Dick sat back in his chair and gazed hopelessly at the President, and then at the Secretary. Instantly his thoughts flew to Beatrice. Great Heavens! He was almost afraid to ask the next question.

“Did—did you by chance recognize her voice?”

The Secretary hesitated a moment before answering.

“She spoke with a decided foreign accent”—again he hesitated. “I called her ‘Mrs. Trevor.’”

“Mrs. Trevor!” gasped Dick. For once words failed him.

“Let me describe the scene to you exactly,” went on the Secretary. “I waited only a few minutes for the connection, and then I heard the faint click of the receiver being removed from the hook, then a woman’s cultivated voice asked: ‘Who is eet?’ I promptly replied: ‘Can I speak to your husband, Mrs.
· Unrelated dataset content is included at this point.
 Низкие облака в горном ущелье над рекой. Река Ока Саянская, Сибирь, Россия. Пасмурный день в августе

Trevor?’ She made no answer, but in a second the Attorney General came to the telephone, gave me the desired information, and I rang off.”

In absolute silence the three men faced each other, with bewilderment and doubt written on their countenances. The long pause was broken by the Secretary.
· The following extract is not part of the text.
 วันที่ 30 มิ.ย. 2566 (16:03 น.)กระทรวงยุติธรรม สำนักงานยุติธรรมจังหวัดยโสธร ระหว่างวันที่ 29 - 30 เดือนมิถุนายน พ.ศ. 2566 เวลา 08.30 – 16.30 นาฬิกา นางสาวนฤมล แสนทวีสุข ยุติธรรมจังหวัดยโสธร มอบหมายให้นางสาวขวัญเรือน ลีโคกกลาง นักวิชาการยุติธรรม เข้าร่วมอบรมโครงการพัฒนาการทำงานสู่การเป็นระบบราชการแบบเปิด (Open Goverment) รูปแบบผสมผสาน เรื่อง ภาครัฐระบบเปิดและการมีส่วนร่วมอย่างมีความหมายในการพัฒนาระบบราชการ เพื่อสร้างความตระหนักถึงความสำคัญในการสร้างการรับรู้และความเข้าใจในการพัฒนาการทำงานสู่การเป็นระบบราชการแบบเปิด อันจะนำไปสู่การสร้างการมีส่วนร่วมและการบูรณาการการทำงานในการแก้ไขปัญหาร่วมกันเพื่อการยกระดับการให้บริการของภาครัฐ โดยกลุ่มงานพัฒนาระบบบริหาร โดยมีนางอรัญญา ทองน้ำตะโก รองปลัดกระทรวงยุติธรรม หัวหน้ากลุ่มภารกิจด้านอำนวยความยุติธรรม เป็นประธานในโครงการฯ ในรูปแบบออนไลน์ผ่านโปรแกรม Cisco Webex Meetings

“When I first heard of the tragedy I, like the rest of the world, thought poor Mrs. Trevor had been murdered by the burglar, Nelson. On the day the inquest was held, I received a telegram saying that my wife was dangerously ill with typhoid fever in Cambridge. She had gone there two weeks before to be with our son, who is at Harvard. I dropped everything and hastened at once to her bedside. Until the crisis was over I never left her. And so deep was my anxiety, for the doctors held out little hope that she would recover, that I neglected everything outside the sick room. I left all my business to my private secretary.

“My wife rallied wonderfully after the crisis was passed, and I returned to Washington on last night’s Federal. On the trip down my secretary told me all the developments in the Trevor case. I was simply thunderstruck!”

“In his direct testimony Mr. Trevor denied being in his private office after his return from the banquet; denied having seen his wife again. He undoubtedly perjured himself,” said the President, thoughtfully. “Still, even in the face of such evidence, he may be innocent of the crime. For the time being I shall give him the benefit of the doubt.”